> _Problem to solve_: Quote the material exactly from the line that contains "99 Citril Finch" through its last line. Any pictures are to be left out.

> _Recorded information_:
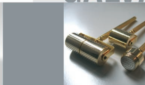
Anti Aging Mesoroller für Körper und Gesicht
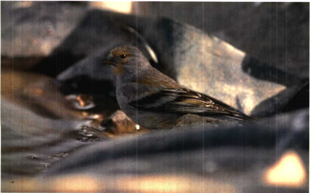
99 Citril Finch / Citroenkanarie Serinus citrinella , Casa Veyas, Mallorca, Spain, May 1995 (Tim Loseby)
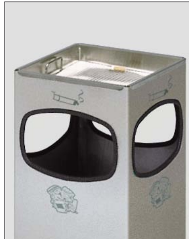
Standascher-/Abfallkombination „STANDBOY“ mit 4 großen Einwurfföffnungen
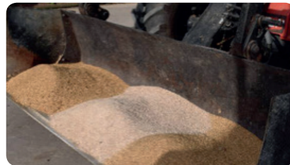
SCHRITT 1 - Proteine

> _Answer for the task_:
99 Citril Finch / Citroenkanarie Serinus citrinella , Casa Veyas, Mallorca, Spain, May 1995 (Tim Loseby)
Standascher-/Abfallkombination „STANDBOY“ mit 4 großen Einwurfföffnungen
SCHRITT 1 - Proteine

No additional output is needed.